Tuesday, May 10, 2016

What I Learned in Graduate School

Today, my life as a graduate student draws to a close. I stood before an audience and defended my right to be called Dr. Stacey Rodenbeck. In one hour, I summarized the last four years of my life – at least the science part. The reality is, however, that the science is only a miniscule part of the learning I did in graduate school. As this day draws to a close, I’m pensive. I need to share the ways in which graduate school shaped and changed me.

I learned humility. When I graduated from Indiana University Southeast on May 7, 2012 with a 4.0 GPA in my major classes and highest academic distinction, I believed that the sky was the limit. I was the big fish. Everyone knew who I was. Underclassmen asked me to tutor them. Faculty relied on my expertise as I served them as a lab assistant. I had easily conquered the challenges of an undergraduate education; so I was excited about my future as Ph.D. student at Indiana University School of Medicine. On my 27th birthday, August 20, 2012, I sat down in my first graduate level class. As the barrage of information began, I realized that I was no longer the big fish. Sometime during the first year, I asked a trusted mentor from my undergraduate institution if I would ever feel smart again. The answer was, “Yes, but you will never feel as smart as you did the day you graduated with your Bachelor of Science degree.” Fabulous. A life time of feeling average. That wasn’t what I’d signed up for. The next four years, I won some and lost some. I learned how to compete with myself and not others (I still have growing to do in this area!). I learned to think of myself less and of the work more. I learned to apply those principles to my personal life, and have been blessed with some fulfilling opportunities to serve in my church and personal relationships.

I learned how to suffer. To a degree, graduate school is one long lesson in suffering. Sleepless nights. Isolation. Failure.  Disdain from those who don’t understand the intense, grueling nature of what you’re doing, and who can’t understand why you would stick with it if it’s that bad. “It’s your choice,” they say. “If it’s that bad, you could get out.” I learned that if you love something enough, you suffer for it. As I realized that my thirst for scientific knowledge allowed me to endure, it awoke in me a greater intensity of desire for spiritual growth. I began to pray that God would teach me to love Him so intensely that I was willing to suffer worse things for Him than I was willing to suffer for knowledge. I worked to develop a meaningful relationship with my Creator and a deep and thorough theology that would stand the test of time, ridicule, and persecution.

I learned the importance of community. On that first day of classes, I sat beside three other girls who were to become dear friends over the course of our first year. Even in the days of full-time class taking, we gave and gained support from one another. We encouraged one another to stay the course, to fight the battle of graduate school. As we joined separate labs, we continued to be friends. As we learned the ropes and prepared for our qualifiers, we served as editors for each other, sounding boards, and learned to function as colleagues. My labmates formed a team, and together we solved problems, asked and answered questions, and developed strong personal bonds. Science should not be a solo activity. Like good science, good lives are founded in community. As we sharpen and strengthen and serve each other, character flaws are revealed and dissolved, love flourishes, and productivity is enhanced.
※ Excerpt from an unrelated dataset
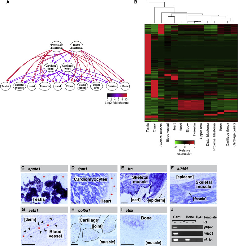 Figure 2. Differential Gene Expression Analysis across Each Set of Tissues Identifies Transcripts Most Enriched in Specific Tissue Types (A) Graph illustrating the methodology for the identification of genes that are tissue enriched in the context of all tissue pairwise comparisons using kazal-type serine peptidase inhibitor domain 1 (kazald1) as an example. Directed edges are drawn from upregulated to downregulated tissues, and fold changes in expression are indicated by edge colors. (B) Heatmap showing all transcripts that are enriched in specific tissue types. (C–J) RNA in situ hybridization performed on tissue sections. (C) speriolin (spatc1) is enriched in the germ cells in the testes but is not detectable in adjacent support cells (asterisks). (D) tropomyosin 1 (tpm1) is enriched in cardiomyocytes within the heart and not detectably expressed by other heart cell types such as epicardium (asterisks). (E) titin (ttn) is enriched in limb skeletal muscle but is not detectable in adjacent cartilage (cart) and epidermis (epiderm). (F) kelch repeat and BTB domain-containing protein 10 (klhl41) is highly enriched in skeletal muscle and not detectable in adjacent tissues such as epidermis (epiderm) and fascia. (G) actin, alpha 1, skeletal muscle (acta1) mRNA is enriched in the very thin layer of vascular endothelial cells lining the blood vessels (arrowheads) and absent from adjacent dermis (derm). Asterisks mark red blood cell clumps in the vessel lumen. (H) collagen type V alpha 1 (col5a1) expression is highly enriched in cartilage; shown are four carpals (outlined) within the wrist. Expression in joint (between carpals) and adjacent muscle is diminished. (I) A bone-enriched marker, cathepsin k (ctsk), is highly expressed in ossified portions of the humerus and low in adjacent muscle. (J) platelet-binding protein GspB (gspb) and mucin 1 (muc1) are detected in cartilage but not in bone by RT-PCR. eukaryotic translation elongation factor 1 alpha 1 (ef-1a) serves as the loading control. Scale bars, 100 μm. See also Figure S7, Tables S2 and S3, and Data S1, S2, S3, S4, and S5. |

I learned that something worth doing is worth doing poorly. I don’t like to fail, and until graduate school I just avoided things that I wasn’t good at. During my graduate training, I soon learned that the avoiding tactic doesn’t fly. If something is worth doing well, it’s worth doing poorly at first while you’re learning. I learned sheer grit – to get up and try again when a negative data set knocked me over. I sometimes think that if I’d never gone to graduate school, I would have never gotten married. I was terrified of failing in a marriage. Learning that failure is just another chance to get up and solve problems enabled me to step out in faith and to marry a man who makes me a better person. I don’t like the moments when I fail him, but if being a good wife is worth it, so is being a poor one as I learn the ropes.
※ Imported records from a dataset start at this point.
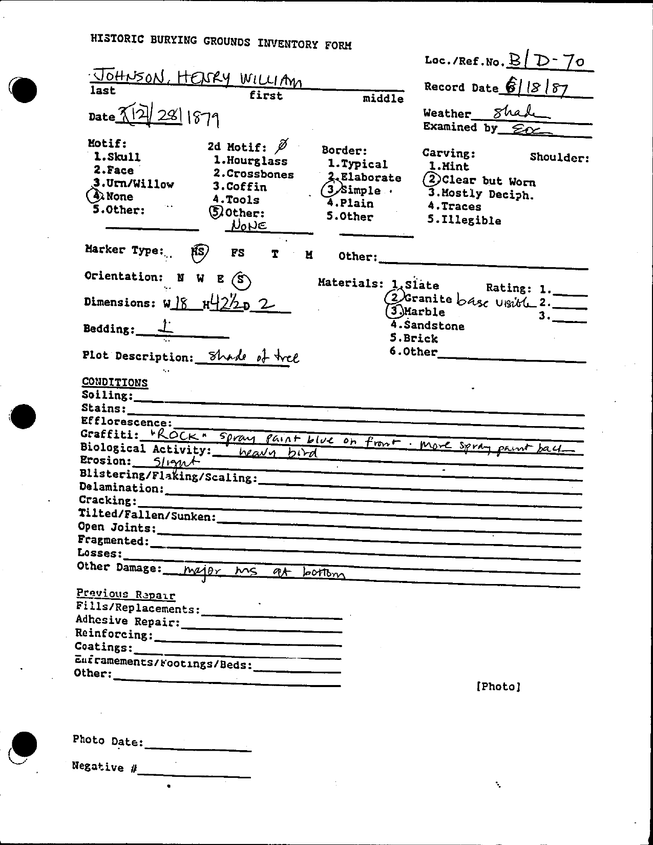 To help us identify the gravestones we used data from the grave marker survey done in 1987. The gravestone survey sheet has a form on the front side of the page listing the location number, name of the deceased, date of death, type of stone, measurements, motifs, degree of legibility, and other details. The back of page contains the epitaph and sometimes a sketch of the gravestone. This information had been compiled into lists of all grave markers in the site, organized in three ways: alphabetically by last name, chronologically by date of death, and spatially according to location number. Even though all three lists contain the same information, they were all helpful in correctly identifying the gravestones.
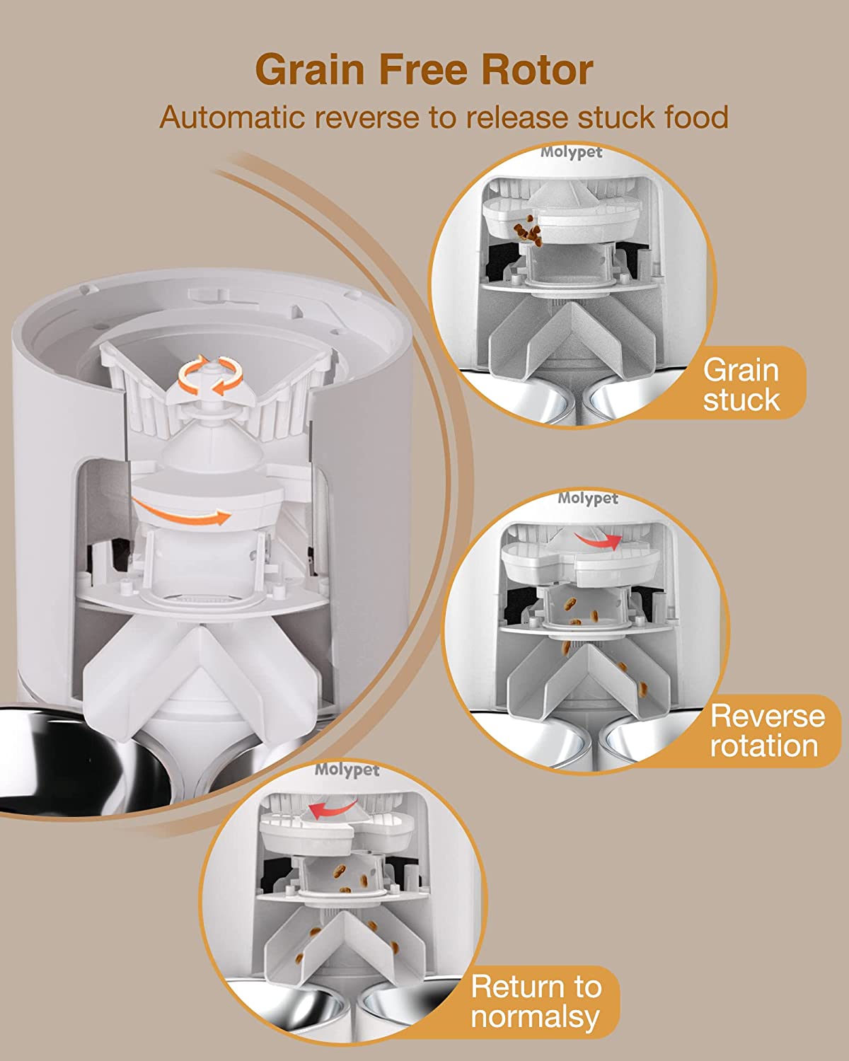 • 【Intelligent Grain Output】 If grain is stuck in the feeder, the motor will immediately reverse, release the stuck grain and then return to the original direction. If the device detects that the food outlet is blocked, the feeder will stop feeding. No missed feeds due to jamming and no wasted food due to blockages.
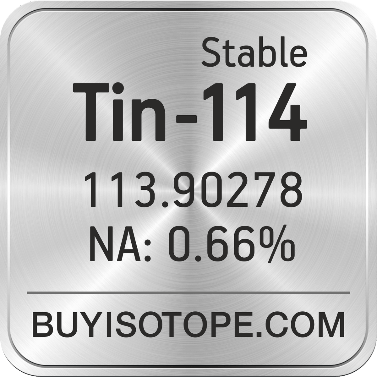 Tin-114 isotope is available to order from BuyIsotope.com in Tin-114 metal (Sn) chemical form. Please contact us via request a Tin-114 quote BuyIsotope.com to order Tin-114 isotope, to get Tin-114 price and to buy Tin-114 isotope.
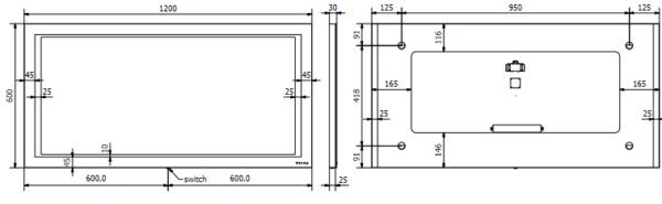 Dim. miroir triga (HxL): 60x120cm.

I learned how to think outside the box to solve problems. Ph.D. stands for “Doctor of Philosophy,” and even though I never took a formal philosophy course as a graduate student, I soon found that abstract thinking was crucial to success in the lab. If something doesn’t work, you examine a million facets of the experiment to determine why. If your hypothesis is consistently shattered, you change your paradigm. That’s how science works. As my critical thinking skills sharpened, I found myself applying them to other parts of my life. My Christian faith strengthened as I applied critical approaches to Bible study. My understanding of my own shortcomings deepened as I sought to “determine the mechanisms” underlying my personal failures.
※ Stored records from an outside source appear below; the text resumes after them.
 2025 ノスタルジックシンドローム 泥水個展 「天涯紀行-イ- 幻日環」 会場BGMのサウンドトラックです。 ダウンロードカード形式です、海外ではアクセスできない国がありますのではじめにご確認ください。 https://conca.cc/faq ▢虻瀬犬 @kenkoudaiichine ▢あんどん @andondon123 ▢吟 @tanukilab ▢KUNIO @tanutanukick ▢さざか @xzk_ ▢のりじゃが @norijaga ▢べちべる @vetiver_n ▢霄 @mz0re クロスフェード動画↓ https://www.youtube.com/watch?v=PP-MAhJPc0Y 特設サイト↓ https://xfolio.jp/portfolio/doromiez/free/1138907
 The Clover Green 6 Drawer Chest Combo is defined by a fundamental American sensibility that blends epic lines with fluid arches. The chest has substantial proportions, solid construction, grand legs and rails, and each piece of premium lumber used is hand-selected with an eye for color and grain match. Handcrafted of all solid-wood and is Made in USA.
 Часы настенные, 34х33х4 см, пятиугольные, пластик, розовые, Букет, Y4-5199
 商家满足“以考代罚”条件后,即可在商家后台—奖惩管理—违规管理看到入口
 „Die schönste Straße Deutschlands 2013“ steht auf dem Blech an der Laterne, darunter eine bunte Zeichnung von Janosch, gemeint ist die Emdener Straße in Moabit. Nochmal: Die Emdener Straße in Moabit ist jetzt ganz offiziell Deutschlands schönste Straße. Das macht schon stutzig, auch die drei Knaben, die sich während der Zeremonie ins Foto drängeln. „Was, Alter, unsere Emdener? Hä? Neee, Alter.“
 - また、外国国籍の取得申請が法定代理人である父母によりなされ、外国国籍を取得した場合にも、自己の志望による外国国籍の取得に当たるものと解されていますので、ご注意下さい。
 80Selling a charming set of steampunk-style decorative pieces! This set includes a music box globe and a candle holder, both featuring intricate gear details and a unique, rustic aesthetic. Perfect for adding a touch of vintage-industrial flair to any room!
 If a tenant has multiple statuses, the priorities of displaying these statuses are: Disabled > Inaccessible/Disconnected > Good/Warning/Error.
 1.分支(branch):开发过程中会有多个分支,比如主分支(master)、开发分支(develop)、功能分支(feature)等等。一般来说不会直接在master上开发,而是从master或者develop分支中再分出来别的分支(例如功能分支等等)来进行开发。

So yes, I learned how to do science in graduate school, but I also learned how to do life. I learned to look the future in the face, knowing that I’ll fail miserably sometimes, that reaching out to those around me is ok, that I’ll get back up when I fall down. Graduate school isn’t the only place where you learn lessons like this, but I will never regret my choice to pursue higher education. The lessons I’ve learned here are valuable and will travel with me in all aspects and phases of life.